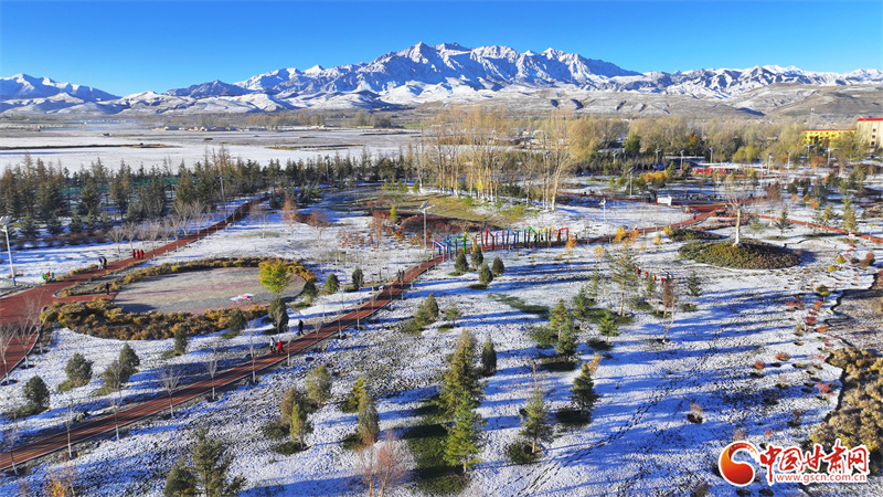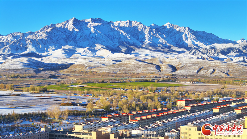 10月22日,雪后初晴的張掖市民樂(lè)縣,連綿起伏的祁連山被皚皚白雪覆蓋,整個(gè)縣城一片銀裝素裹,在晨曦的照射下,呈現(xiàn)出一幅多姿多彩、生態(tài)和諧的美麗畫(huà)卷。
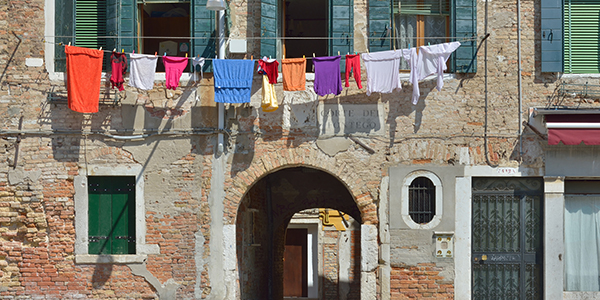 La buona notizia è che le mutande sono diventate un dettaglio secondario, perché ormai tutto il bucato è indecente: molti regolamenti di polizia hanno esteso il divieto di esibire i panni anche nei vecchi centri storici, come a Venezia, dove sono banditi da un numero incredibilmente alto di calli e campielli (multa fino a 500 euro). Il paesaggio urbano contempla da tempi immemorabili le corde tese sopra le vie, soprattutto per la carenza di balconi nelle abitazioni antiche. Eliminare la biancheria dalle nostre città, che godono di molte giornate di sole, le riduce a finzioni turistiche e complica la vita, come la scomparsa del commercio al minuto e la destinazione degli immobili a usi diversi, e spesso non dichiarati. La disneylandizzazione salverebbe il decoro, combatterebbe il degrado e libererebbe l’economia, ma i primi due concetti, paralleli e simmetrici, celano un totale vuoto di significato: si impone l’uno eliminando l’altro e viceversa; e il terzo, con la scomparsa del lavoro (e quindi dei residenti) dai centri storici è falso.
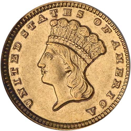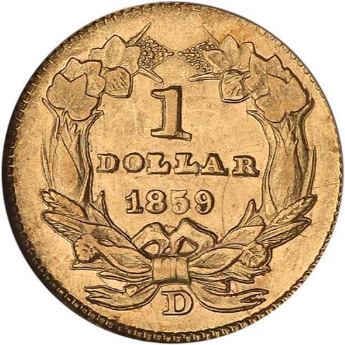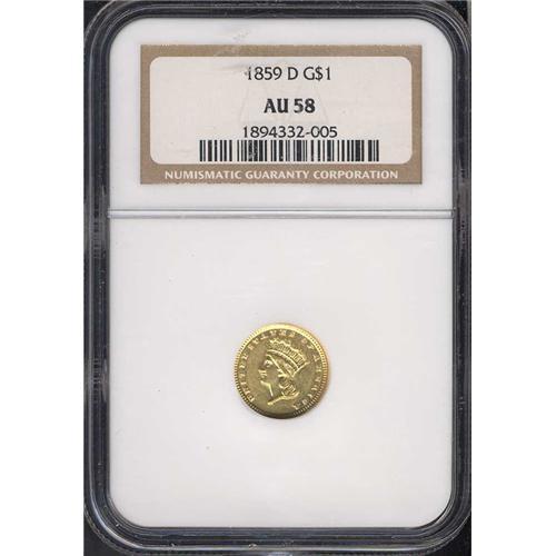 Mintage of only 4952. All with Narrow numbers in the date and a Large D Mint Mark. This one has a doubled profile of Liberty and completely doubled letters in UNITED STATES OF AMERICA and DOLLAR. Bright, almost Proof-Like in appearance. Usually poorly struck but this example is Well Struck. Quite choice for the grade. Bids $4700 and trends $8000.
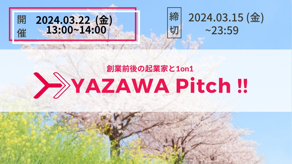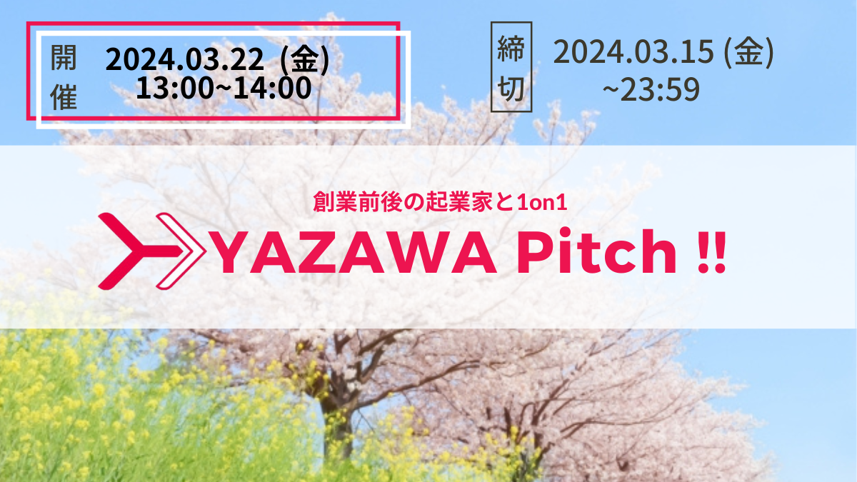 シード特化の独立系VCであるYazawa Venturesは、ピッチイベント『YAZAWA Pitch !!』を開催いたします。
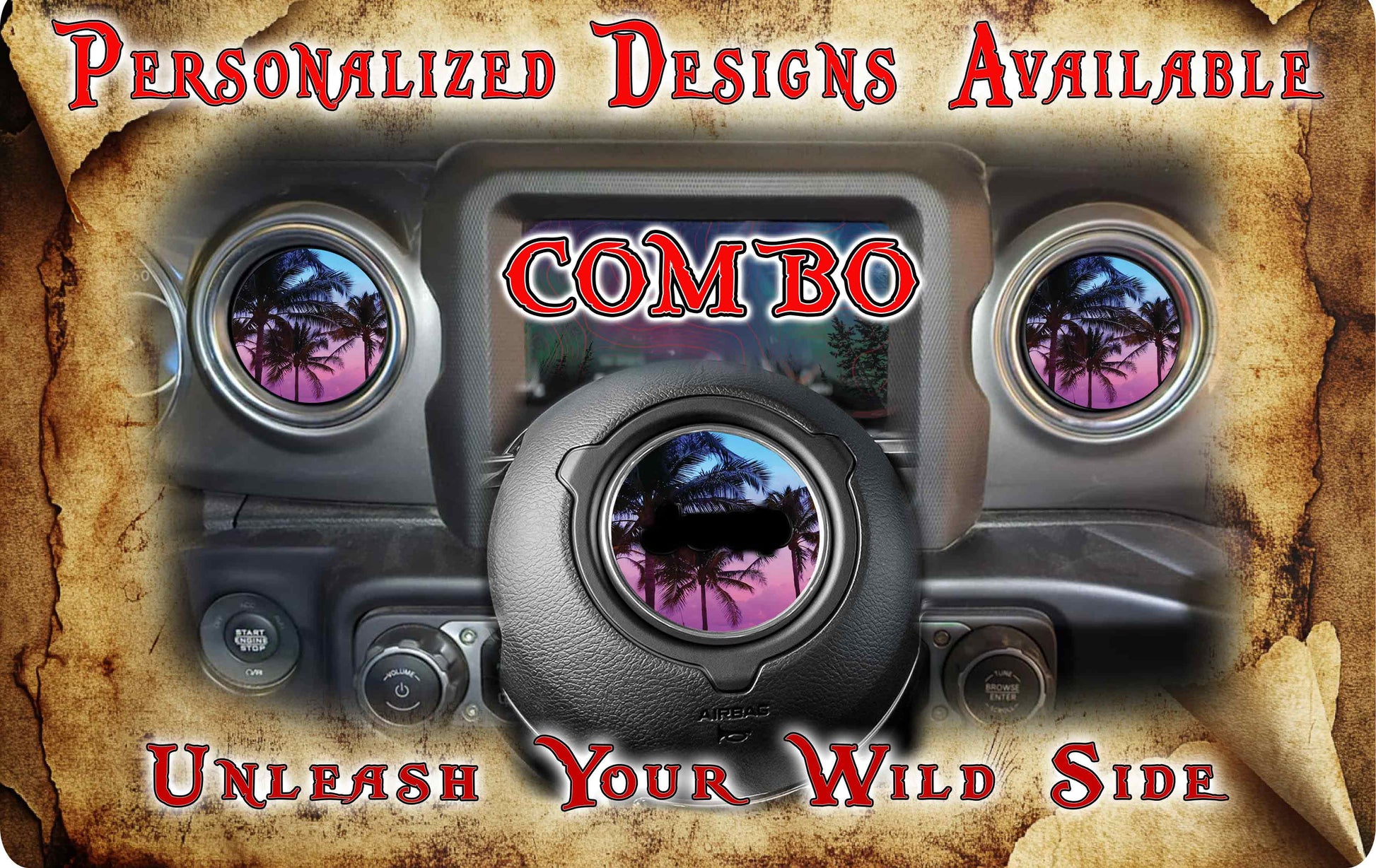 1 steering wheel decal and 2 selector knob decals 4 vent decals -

::::::

Once the line containing "シード特化の独立系VCであるYazawa Venturesは、ピッチイベント『YAZAWA Pitch" is located, write out exactly that line and each one after it to the end of the records above, excluding pictures and nothing else.

> _Expected answer_
 シード特化の独立系VCであるYazawa Venturesは、ピッチイベント『YAZAWA Pitch !!』を開催いたします。
 1 steering wheel decal and 2 selector knob decals 4 vent decals -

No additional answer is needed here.